Here we move to a non-conventional aspect of using artificial intelligence techniques to write opinion material, and not just to analyze big data or tell stock market forecasts or basketball games.

All of these developments are real challenges. Amy Webb, director of the Future Today Institute, has even spoken of an “existential threat” posed by artificial intelligence to the press and the future of journalism.” Are the academic departments in our Arab universities considering this in a manner that will create opportunities for graduates with the necessary capabilities to interact with these variables?

Changes in the Job Market

In order not to continue this narrative at length, the challenges are many, but I conclude with the challenge of job opportunities in the Arab media market. Adopting the concept of digital entrepreneurship is a necessary and important response to all the difficulties facing graduates from the departments of journalism and media, and changing the intellectual structure of graduates and their orientations towards the labor market is a very important matter from my point of view in 2023 and beyond.

Experience has shown us how young people in their twenties can change the entire media work environment. Mark Zuckerberg did not expect Facebook to become the tech giant it is now.

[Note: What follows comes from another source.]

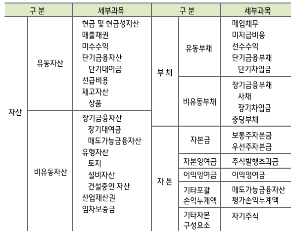 2) 구성 : 자본금, 자본잉여금, 자본조정, 기타포괄손익누계액, 이익잉여금

None of the three youngsters (Chad Hurley, Steve Chen, and Jawed Karim) who met in San Francisco thought that the idea they came up with for sharing video clips online would turn into YouTube. Therefore, the interest in supporting innovative and pioneering thought within the minds of journalism and media students is a way to confront the challenge of competition in the labour market and the disappearance of employment opportunities.

Efforts are ongoing by academics, and discussions are taking place in various Arab associations and conferences, and the concern is one and shared among specialists. Thus, there are still opportunities to remind myself and my colleagues to reconsider and seize the issue. As they say, the path remains the same, but not everyone strides the same.

Ehab Hamdi is a journalist who holds a Ph.D. in mass communication and has taught at several universities in the Arab world.